Before you start this chapter, be sure to read the explanation of data collections, events, thresholds, and occurrences, as well as background and foreground data collection in Chapter 1.

This chapter provides the following information:

For information about installing the HP Availability Manager on OpenVMS or Windows systems, see the HP Availability Manager Installation Instructions. You can access these instructions from the documentation link at the Availability Manager web page at the following URL:


http://www.hp.com/products/openvms/availabilitymanager 

The Installation Instructions also include an explanation of how to install and use both DECamds and the Availability Manager on the same system.

2.1 Configuring and Starting the Data Collector

Configuration tasks include defining logical names and protecting passwords. After you complete these tasks, you can start the Data Collector. The following sections describe all of these operations.

2.1.1 Defining Logical Names

OpenVMS kits for DECamds Version 7.3-2B and Availability Manager Versions 2.5 and 2.6 provide a template file that system managers can modify to define the logical names used by the Data Collector. You can copy the file SYS$MANAGER:AMDS$SYSTARTUP.TEMPLATE to SYS$MANAGER:AMDS$SYSTARTUP.COM and edit it to change the default logicals that are used to start the Data Collector and to find its configuration files.

The most common logicals, especially in a mixed-environment cluster configuration, are the ones shown in Table 2-1:

Table 2-1 Common Availability Manager Logical Names
Logical Description
AMDS$GROUP_NAME Specifies the group that this node will be associated with when it is monitored.
AMDS$DEVICE For nodes with more than one network adapter, allows you to specify which adapter the Availability Manager should use.
AMDS$RM_DEFAULT_INTERVAL The number of seconds between multicast "Hello" messages from the Data Provider to the Data Analyzer node when the Data Collector is inactive or minimally active.

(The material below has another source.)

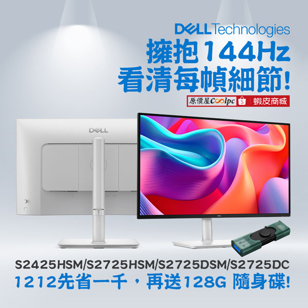 雙十二大促銷買高單價商品最划算!像是今天帶來的 Dell Plus S2425HSM/S2725HSM/S2725DSM/S2725DC 這四台螢幕現折一千之外,加碼再送一支 128GB 隨身碟,透過蝦皮商城下單還能使用店家券+蝦皮券累加有機會省更多(點我查看)!有興趣的朋友趕緊手刀下單,好好把握機會。
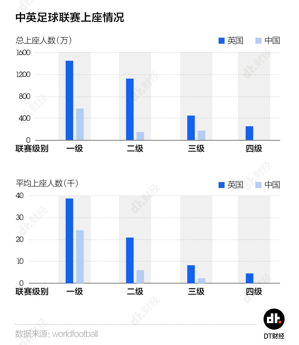 英国人口不到中国零头的零头,有英超、英冠、英甲、英乙四级职业足球联赛,2018年合计现场观赛人次达到了3281万人次;相比之下,我们中国只有中超、中甲、中乙三级职业足球联赛,2018年合计现场观赛人次仅为895万人次。

The minimum value is 5. The maximum value is 300.

AMDS$RM_SECONDARY_INTERVAL The number of seconds between multicast "Hello" messages from the Data Collector to the Data Analyzer node when the Data Collector is active.

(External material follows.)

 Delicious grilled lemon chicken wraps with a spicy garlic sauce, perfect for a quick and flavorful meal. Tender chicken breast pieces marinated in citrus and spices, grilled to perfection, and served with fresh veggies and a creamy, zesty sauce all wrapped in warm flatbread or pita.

The minimum value is 5. The maximum value is 1800.

Note

Multicast "Hello" messages are notifications from OpenVMS nodes that use the Data Collector.

The Data Collector transmits multicast "Hello" messages for the node that any Data Analyzer on the local network receives. The rate at which these messages are transmitted is regulated by the settings of the following logicals:

AMDS$RM_DEFAULT_INTERVAL
AMDS$RM_SECONDARY_INTERVAL

Files containing these logicals are in SYS$MANAGER:AMDS$LOGICALS.COM. The shorter the time interval, the faster the node is found and configured, (although the result is slightly more network traffic).

2.1.2 Protecting Passwords

To change passwords to allow a Data Analyzer to monitor a node, edit the following file:


SYS$MANAGER:AMDS$DRIVER_ACCESS.DAT 

The passwords section of the file is close to the end of the file, after the Password documentation section. The passwords in this file correspond to the passwords in the Security page shown in Section 7.9.1. Note that you can specify a list of passwords in this file. See the comments in the file for details.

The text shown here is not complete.